しかし、国際経済や国際環境の分野では実に多くの新しいルールが生まれている。さらには、国際法と個人の関わりのあり方や、国家の国際責任なども大きく変化している分野がある。
With the dynamic changes regarding the international laws along with the related historical constraints, this course focuses on the basic and systematic knowledge of international law in the modern age and lay out the lectures and teaching path.
The formation process of international law began in Europe at the end of the 15th century. After 400 years of development, it was completed as modern international law in the latter half of the 19th century through the accumulation of various theories and national practices. In the modern age, almost 150 years after the completion, the basic characteristics of international law, which govern the relationship between sovereign states, has not changed.
However, there are so many new rules in the field of international economy and global environment. In addition, there is a field where the relationship between international law and citizenship and the international responsibility of the nation changes greatly.

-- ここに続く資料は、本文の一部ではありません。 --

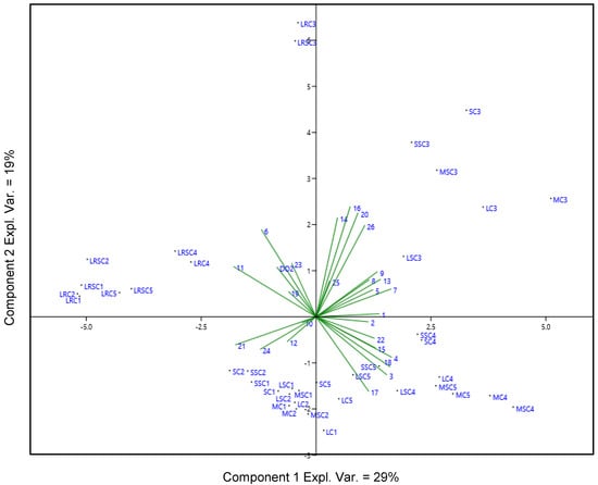 PCA bi-plot (PC-1 29%, PC-2 19%) of the three red wines and the rosé wine closed with different stoppers considering the volatile profiles and the dissolved oxygen (DO2) during 12 months of bottle storage. Samples: LRC, LRSC, Lagrein rosé closed with conventional or ’blend’ stopper, respectively. SC and SSC, St. Magdalener with conventional or ‘blend’ stopper. LC, LSC, same for Lagrein. MC, MSC, Merlot. Storage in bottle: 1, wine just after bottling; 2,3,4,5, wine analyzed one, three, six and 12 months after bottling, respectively. Volatile compounds are named 1–26 as listed in Table 4.
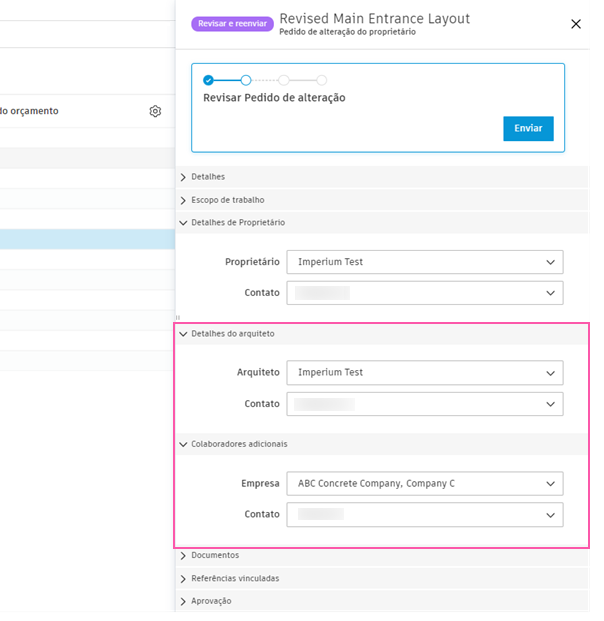 Na seção do menu desdobrável intitulada "Detalhes do arquiteto", os membros podem selecionar o usuário da empresa do arquiteto externo para solicitar a aprovação de COR/OCO.
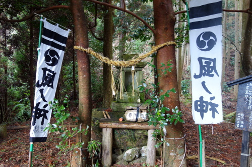 | 八女市矢部村の国道442号線から入り込んだ山間に風神宮があります。風神宮は綾部八幡由来風の神が祀られており、風水害の難を避け、何人皆和やかに無病息災守護安心を語り継いでいます。道から徒歩で200mの山道を登ります。鳥居もちょっと変わった感じで、鳥居の側には山水を頂けるようになっています。 |
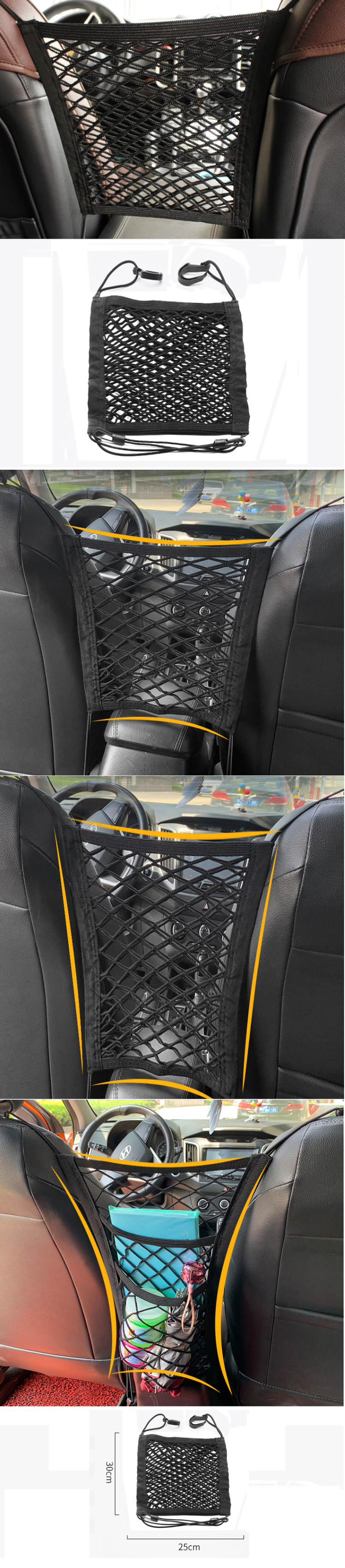 熱推汽車座椅間儲物網兜車載擋網(三層四邊彈力 28*30cm SUV款)【下單後請聯絡客服確認發貨款式】
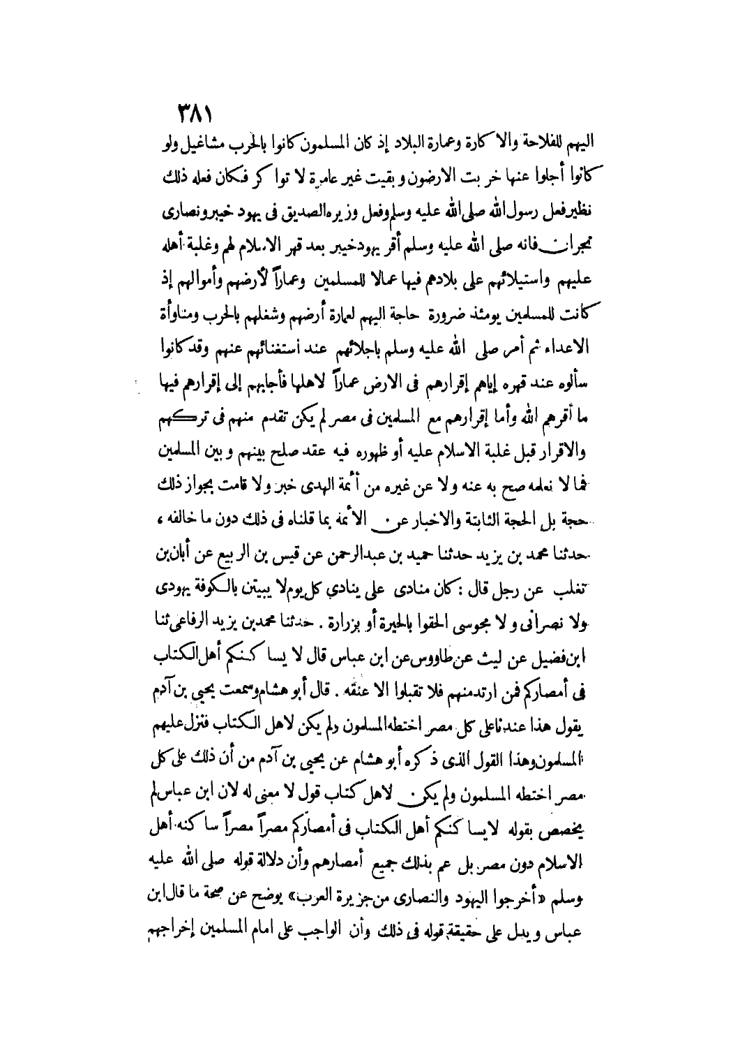 إلَيْهِمْ لِلْفِلَاحَةِ وَالْإِكَارَةِ وَعِمَارَةِ الْبِلَادِ إذْ كَانَ الْمُسْلِمُونَ كَانُوا بِالْحَرْبِ مَشَاغِيلَ وَلَوْ كَانُوا أَجْلَوْا عَنْهَا خَرِبَتْ الْأَرَضُونَ وَبَقِيَتْ غَيْرَ عَامِرَةٍ لَا تُوَاكَرُ فَكَانَ فِعْلُهُ ذَلِكَ نَظِيرَ فِعْلِ رَسُولِ اللَّهِ - صَلَّى اللَّهُ عَلَيْهِ وَسَلَّمَ - وَفِعْلِ وَزِيرِهِ الصِّدِّيقِ فِي يَهُودِ خَيْبَرَ وَنَصَارَى نَجْرَانَ فَإِنَّهُ - صَلَّى اللَّهُ عَلَيْهِ وَسَلَّمَ - أَقَرَّ يَهُودَ خَيْبَرَ بَعْدَ قَهْرِ الْإِسْلَامِ لَهُمْ وَغَلَبَةِ أَهْلِهِ عَلَيْهِمْ وَاسْتِيلَائِهِمْ عَلَى بِلَادِهِمْ فِيهَا عُمَّالًا لِلْمُسْلِمِينَ وَعُمَّارًا لِأَرْضِهِمْ وَأَمْوَالِهِمْ إذْ كَانَتْ لِلْمُسْلِمِينَ يَوْمَئِذٍ ضَرُورَةُ حَاجَةٍ إلَيْهِمْ لِعِمَارَةِ أَرْضِهِمْ وَشَغْلِهِمْ بِالْحَرْبِ وَمُنَاوَأَةِ الْأَعْدَاءِ ثُمَّ أَمَرَ - صَلَّى اللَّهُ عَلَيْهِ وَسَلَّمَ - بِإِجْلَائِهِمْ عِنْدَ اسْتِغْنَائِهِمْ عَنْهُمْ وَقَدْ كَانُوا سَأَلُوهُ عِنْدَ قَهْرِهِ إيَّاهُمْ إقْرَارَهُمْ فِي الْأَرْضِ عُمَّارًا لِأَهْلِهَا فَأَجَابَهُمْ إلَى إقْرَارِهِمْ فِيهَا مَا أَقَرَّهُمْ اللَّهُ، وَأَمَّا إقْرَارُهُمْ مَعَ الْمُسْلِمِينَ فِي مِصْرَ لَمْ يَكُنْ تَقَدَّمَ مِنْهُمْ فِي تَرْكِهِمْ وَالْإِقْرَارُ قَبْلَ غَلَبَةِ الْإِسْلَامِ عَلَيْهِ أَوْ ظُهُورِهِ فِيهِ عَقْدُ صُلْحٍ بَيْنَهُمْ وَبَيْنَ الْمُسْلِمِينَ فَمَا لَا نَعْلَمُهُ صَحَّ بِهِ عَنْهُ وَلَا عَنْ غَيْرِهِ مِنْ أَئِمَّةِ الْهُدَى خَبَرٌ وَلَا قَامَتْ بِجَوَازِ ذَلِكَ حُجَّةٌ بَلْ الْحُجَّةُ الثَّابِتَةُ وَالْأَخْبَارُ عَنْ الْأَئِمَّةِ بِمَا قُلْنَاهُ فِي ذَلِكَ دُونَ مَا خَالَفَهُ، حَدَّثَنَا مُحَمَّدُ بْنُ يَزِيدَ حَدَّثَنَا حُمَيْدُ بْنُ عَبْدِ الرَّحْمَنِ عَنْ قَيْسِ بْنِ الرَّبِيعِ عَنْ أَبَانَ بْنِ تَغْلِبَ عَنْ رَجُلٍ قَالَ: كَانَ مُنَادِي عَلِيٍّ يُنَادِي كُلَّ يَوْمٍ لَا يَبِيتَنَّ بِالْكُوفَةِ يَهُودِيٌّ وَلَا نَصْرَانِيٌّ وَلَا مَجُوسِيٌّ الْحَقُوا بِالْحِيرَةِ أَوْ بِزُرَارَةَ.
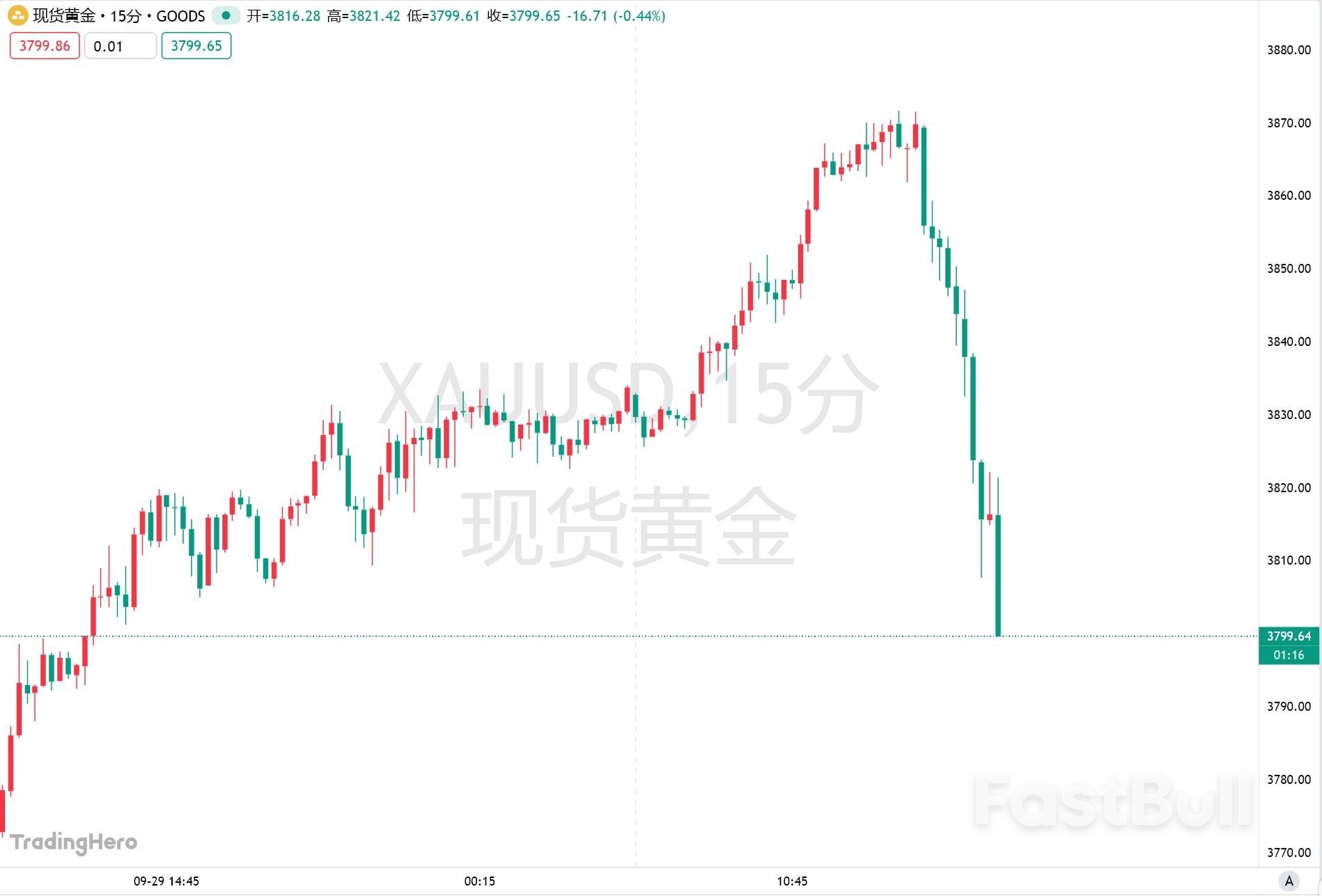 周二,由于投资者担心美国政府可能关门导致美元走弱,贵金属价格飙升。现货黄金一度将历史新高刷新至3870美元左右,随后因投资者获利了结持续下挫,回落至3800美元/盎司下方,较日高低70美元以上,日内跌近1%。
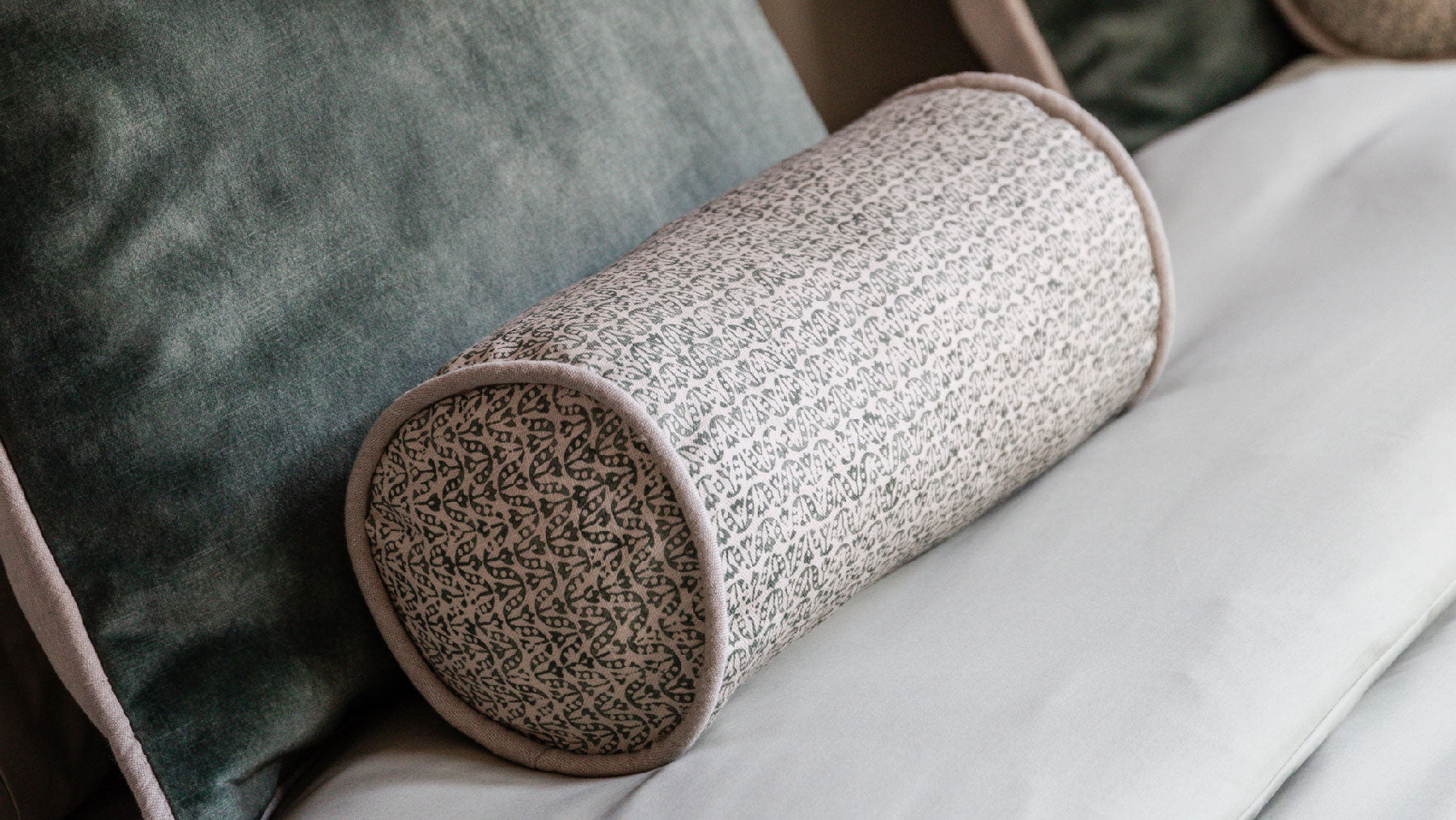 Med ett cylinderformat kuddfodral frÄn Junipers Palma-kollektion skapas direkt en oemotstÄndlig boutiquehotell-kÀnsla hemma. De Àr handsydda i Sverige i en kombination av exklusiva tyger och en elegant piping ur kollektionens signaturfÀrg. Helt perfekt för dig som vill skapa en harmonisk, stilren mix-and-match-bÀddning i premiumklass.
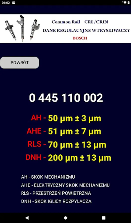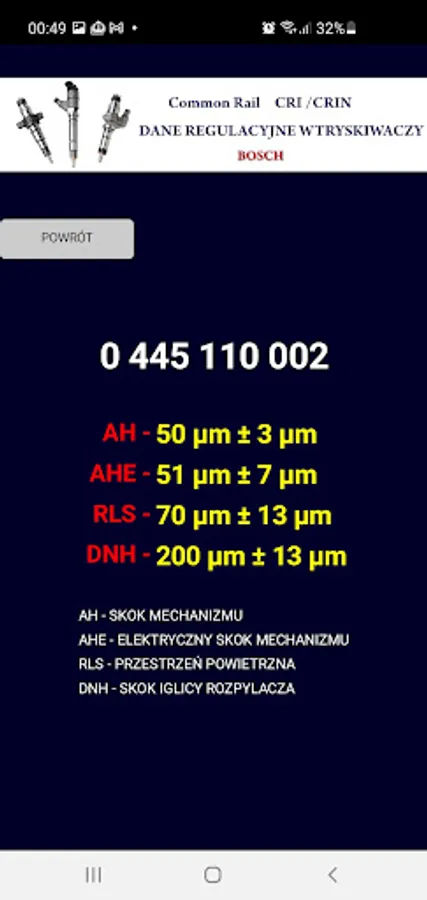 The application does not teach and does not show how to repair the injectors, but provides data for their correct adjustment. I created this application with the idea of accelerating my own work, better organization. A useful application for a seasoned mechanic.
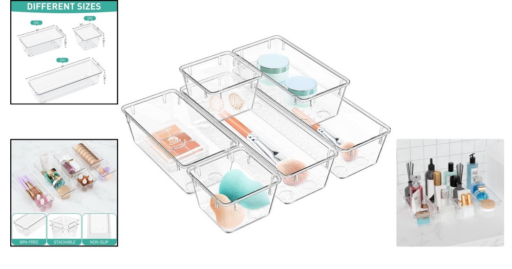 Elegant 6-Piece Clear Storage Tray Set - Ideal for Makeup & Office Supplies ‹ › ‹ › ‹ › ‹ › ‹ › ‹ › ‹ › ‹ › Elegant 6-Piece Clear Storage Tray Set Discover the perfect fusion of style and functionality with our Elegant 6-Piece Clear Storage Tray Set, thoughtfully designed to elevate your organizational experience. This exquisite set is ideal for makeup aficionados as well as professionals looking to maintain an orderly workspace. Product Features: Material: Crafted from transparent glossy material that not only adds elegance but ensures safety in use. Three Combinations of Different Sizes: This set includes 6 storage bins in three versatile sizes: 2 bins measuring 9 x 3 x 1.8 inches 2 bins measuring 6 x 3 x 1.8 inches 2 bins measuring 3 x 3 x 1.8 inches Stackable Storage: Maximize your space with our stackable storage bins, making it easy to arrange them according to your needs. Non-Slip Design: Equipped with a non-slip tread at the bottom, these organizers stay securely in place, ensuring a seamless experience when opening and closing drawers. Multiple Storage Options: Perfectly designed to organize a variety of items including makeup, toothpaste, jewelry, stationery, craft supplies, nail polish, bathroom essentials, kitchen items, office supplies, and much more. Why Choose Our Elegant Storage Tray Set? Transform any cluttered space into a harmonious sanctuary with our Elegant 6-Piece Clear Storage Tray Set. The clarity of the bins allows you to view and access your belongings effortlessly, enhancing both your beauty routine and your workspace. Enjoy a blend of sophisticated design and practical utility that will inspire you every day! Don't wait to create the organized space of your dreams — order our Elegant 6-Piece Clear Storage Tray Set today and indulge in effortless elegance! Shipping Free & Fast Shipping - We offer free shipping to most of the USA with a normal delivery time of 3-7 days. However, due to the current situation, additional delivery time (up to 3 weeks) may be required for some items. Alternative Carriers - We may use alternative carriers (e.g. USPS, FedEx, UPS, etc.) to ensure your package arrives safely and on time. Due to the use of multiple carriers, we are unable to provide a tracking number automatically. Handling Time - Orders are processed and shipped within 1-2 business days of receiving cleared payment. Shipping Restrictions - Shipping to Alaska, Hawaii, Puerto Rico, Guam, and other US territories may incur shipping charges or delivery restrictions. Please contact us before ordering, or your order can be refunded/cancelled. State Restrictions - There may be restrictions based on your state of purchase. For example, certain items may not be shipped to California due to state regulations. Contact for Tracking Updates - If you require tracking updates or have any concerns about the delivery of your order, please feel free to contact us, and we will be happy to assist you. Return 30-Day Hassle-Free Returns - We want you to be completely satisfied with your purchase. If you are not, you can return the item within 30 days of receiving it for a full refund or exchange. Easy Return Process - To start a return, simply contact us and we will provide you with a prepaid return shipping label and detailed instructions. Restocking Fee - There are no restocking fees for returns. However, the buyer is responsible for return shipping costs if the return is not due to a seller's error. Refund Processing Time - Refunds will be processed within 5 business days of receiving the returned item in its condition. Payment We accept all major credit cards, PayPal, and Apple Pay for your convenience. Your payment information is secure and encrypted to ensure a safe and seamless transaction. Please complete your payment within 3 days of purchase to avoid any delays in shipping. Feedback Your feedback is extremely important to us. We strive to provide the best products and customer service possible. If you are satisfied with your purchase, please take a moment to leave us a positive review. If you have any concerns or issues with your order, please contact us before leaving negative feedback. We are committed to resolving any problems and ensuring your satisfaction. Contact Us If you have any questions or concerns, please feel free to out to our customer support team. You can contact us through the eBay messaging system. We are available Monday to Friday, 9:00 am to 5:00 pm EST, and we will do our best to respond to your inquiry within 24 hours. Buy it now and enjoy a pleasant shopping experience! Unit Quantity: 6 Material: Acrylic,Plastic Features: Stackable,Non-Slip Design Mounting: Free Standing Item Height: Drawer Organizer Set Item Length: Drawer Organizer Set Item Width: Drawer Organizer Set Type: Drawer Box Color: Clear Size: Large Item Weight: Less Than 2 lb Capacity: 40 Quarts & Below Number of Items in Set: Six-Piece Item Depth: 3 in Number in Pack: 6 Number of Compartments: 3 Shape: Rectangle Style: Modern Finish: Glossy
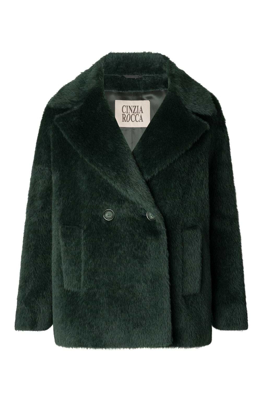 Cropped furry jacket in Alpaca-wool blend.Brushed effect.Double-breasted two button fastening.Notched lapels.Drop shoulder.Two front welt pockets.Fully lined.Cropped length.About Cinzia Rocca
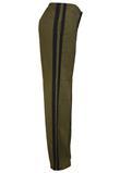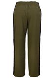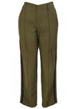 Possui fechamento em zíper, botão, bolso e zíper na barra.
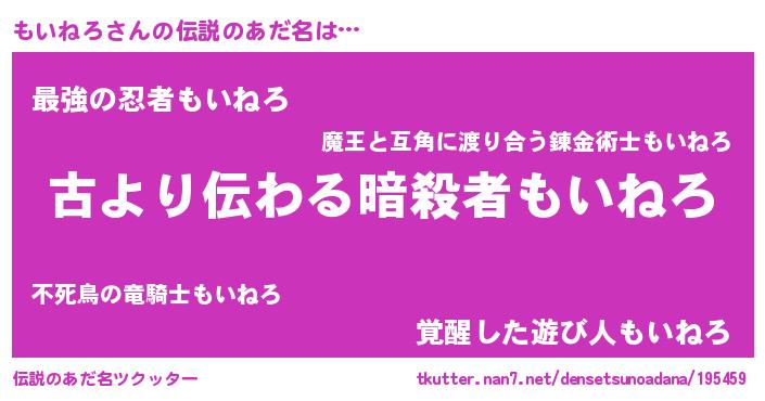 | 意味不明あだ名 | 『永久保存もいねろ』『自称もいねろ』 |

授業の目的(意義) / Importance of this course

国際法の各分野における重要な基本概念については、その歴史的な背景の叙述を加え、その根源的なあり方を理解できるように努めた。現行制度・プラクティスはどのような歴史的経緯で現行のような形となったのか、なぜ今のような形で存続しているのか、さらには、今後もなお存在し続けることができるのかという問題を念頭において講義を展開する。
本講義を通じて、国際法上の諸制度の根源的なあり方について関心を促し、現行国際法の基礎的・体系的な知識を習得することができるようにする。国際社会を動かす基本規則があることを意識してもらう。
In essence, we have endeavored to understand the fundamental nature of the key basic concepts in various fields of international law by adding a narrative of their historical background. The lecture unfolds with a focus on the questions of how the current systems and practices came to be through historical processes, why they continue to exist in their current form, and whether they can continue to exist in the future.

Through this lecture, we aim to stimulate interest in the fundamental nature of various systems under international law and enable the acquisition of foundational and systematic knowledge of current international law. We intend to raise awareness that there are basic rules that govern the international community.

到達目標 / Achievement Goal

本講義を通じて、国際法上の諸制度の根源的なあり方について関心を促し、現行国際法の基礎的・体系的な知識を習得することができるようにする。国際社会を動かす基本規則があることを意識してもらう。

Through this course, we will examine the foundations of the international legal system and acquire basic and systematic knowledge of the present international law, with a clear awareness that there are basic rules following which the international community develops.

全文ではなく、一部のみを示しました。